TRY IT: Without the pictures, write the listing out again exactly as it appears.

================

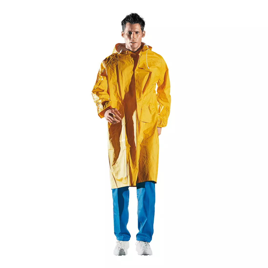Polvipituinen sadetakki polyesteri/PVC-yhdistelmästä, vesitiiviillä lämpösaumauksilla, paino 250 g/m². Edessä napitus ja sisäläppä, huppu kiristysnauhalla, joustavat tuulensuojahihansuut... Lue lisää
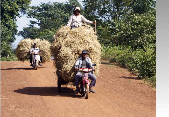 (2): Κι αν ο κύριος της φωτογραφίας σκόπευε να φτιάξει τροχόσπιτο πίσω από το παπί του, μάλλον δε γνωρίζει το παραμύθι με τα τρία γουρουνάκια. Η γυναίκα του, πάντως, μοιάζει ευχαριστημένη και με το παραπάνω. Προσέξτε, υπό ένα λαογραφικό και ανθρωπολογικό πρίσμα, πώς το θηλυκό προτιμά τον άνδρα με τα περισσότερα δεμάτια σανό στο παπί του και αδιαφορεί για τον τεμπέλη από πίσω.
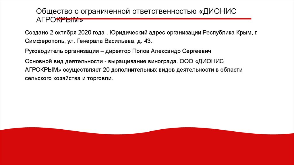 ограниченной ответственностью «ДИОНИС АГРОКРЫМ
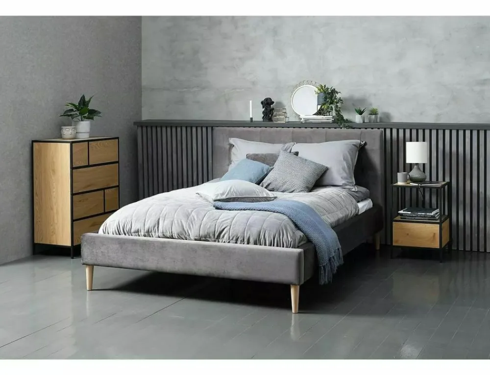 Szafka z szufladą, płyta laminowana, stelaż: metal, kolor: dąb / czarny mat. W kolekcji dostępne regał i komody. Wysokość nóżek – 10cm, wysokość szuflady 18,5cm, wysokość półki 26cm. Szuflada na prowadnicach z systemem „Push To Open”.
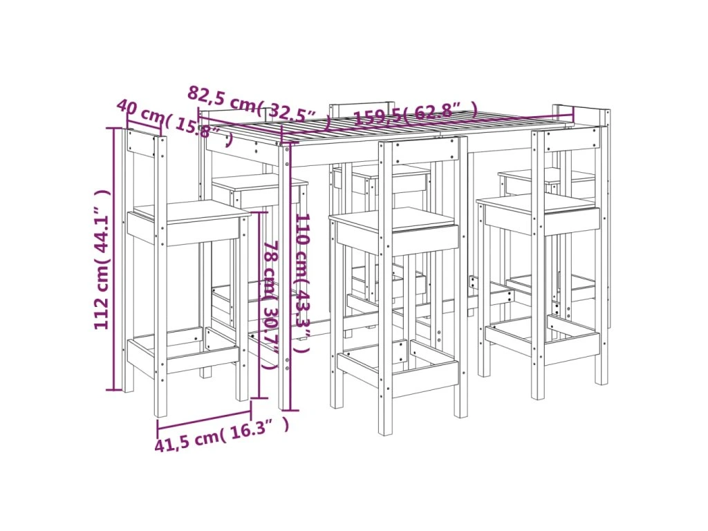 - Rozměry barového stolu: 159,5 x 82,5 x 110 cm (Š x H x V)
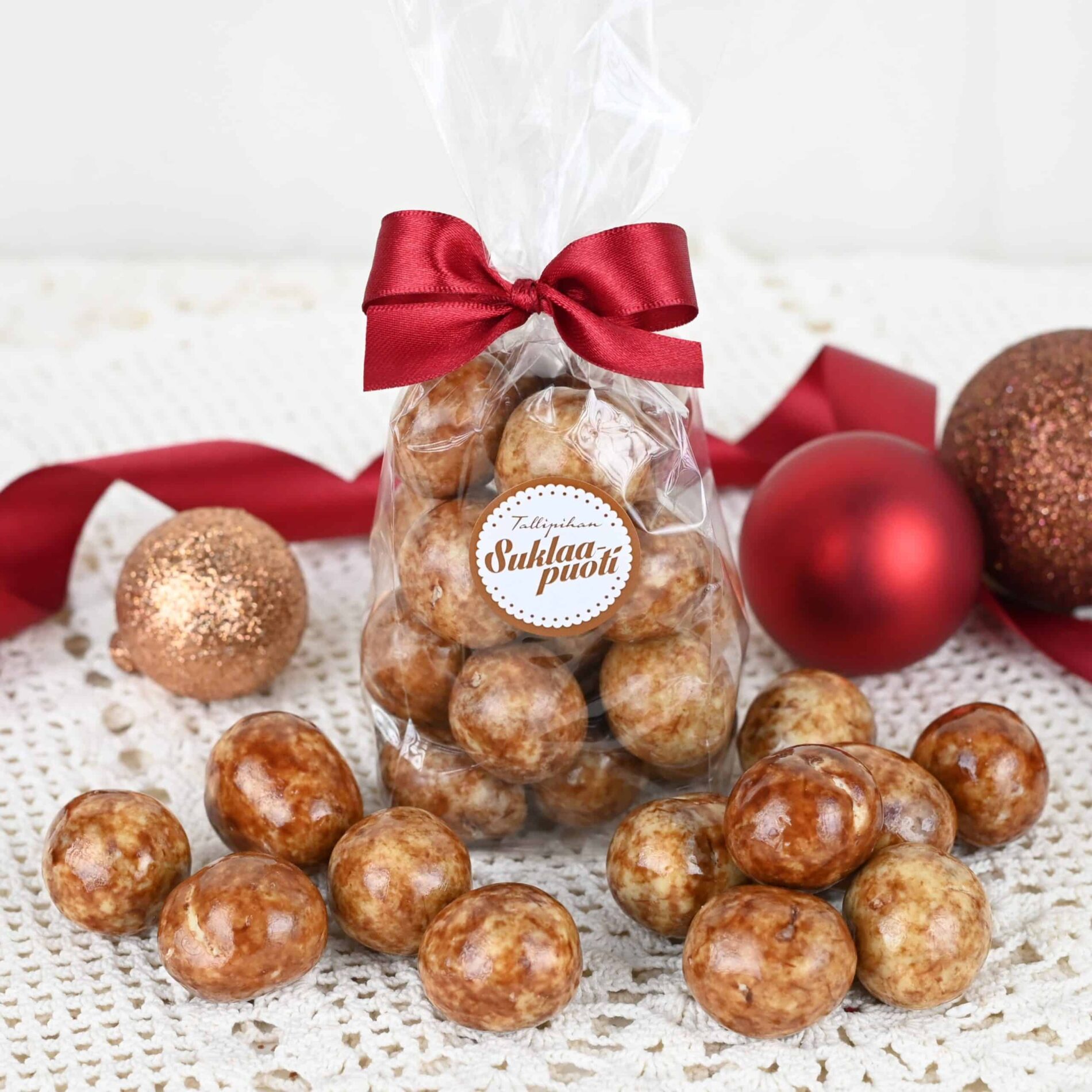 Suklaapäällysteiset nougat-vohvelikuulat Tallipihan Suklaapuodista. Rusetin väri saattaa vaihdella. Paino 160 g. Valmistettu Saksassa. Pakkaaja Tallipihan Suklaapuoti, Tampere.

================

OUTPUT:
Polvipituinen sadetakki polyesteri/PVC-yhdistelmästä, vesitiiviillä lämpösaumauksilla, paino 250 g/m². Edessä napitus ja sisäläppä, huppu kiristysnauhalla, joustavat tuulensuojahihansuut... Lue lisää
 (2): Κι αν ο κύριος της φωτογραφίας σκόπευε να φτιάξει τροχόσπιτο πίσω από το παπί του, μάλλον δε γνωρίζει το παραμύθι με τα τρία γουρουνάκια. Η γυναίκα του, πάντως, μοιάζει ευχαριστημένη και με το παραπάνω. Προσέξτε, υπό ένα λαογραφικό και ανθρωπολογικό πρίσμα, πώς το θηλυκό προτιμά τον άνδρα με τα περισσότερα δεμάτια σανό στο παπί του και αδιαφορεί για τον τεμπέλη από πίσω.
 ограниченной ответственностью «ДИОНИС АГРОКРЫМ
 Szafka z szufladą, płyta laminowana, stelaż: metal, kolor: dąb / czarny mat. W kolekcji dostępne regał i komody. Wysokość nóżek – 10cm, wysokość szuflady 18,5cm, wysokość półki 26cm. Szuflada na prowadnicach z systemem „Push To Open”.
 - Rozměry barového stolu: 159,5 x 82,5 x 110 cm (Š x H x V)
 Suklaapäällysteiset nougat-vohvelikuulat Tallipihan Suklaapuodista. Rusetin väri saattaa vaihdella. Paino 160 g. Valmistettu Saksassa. Pakkaaja Tallipihan Suklaapuoti, Tampere.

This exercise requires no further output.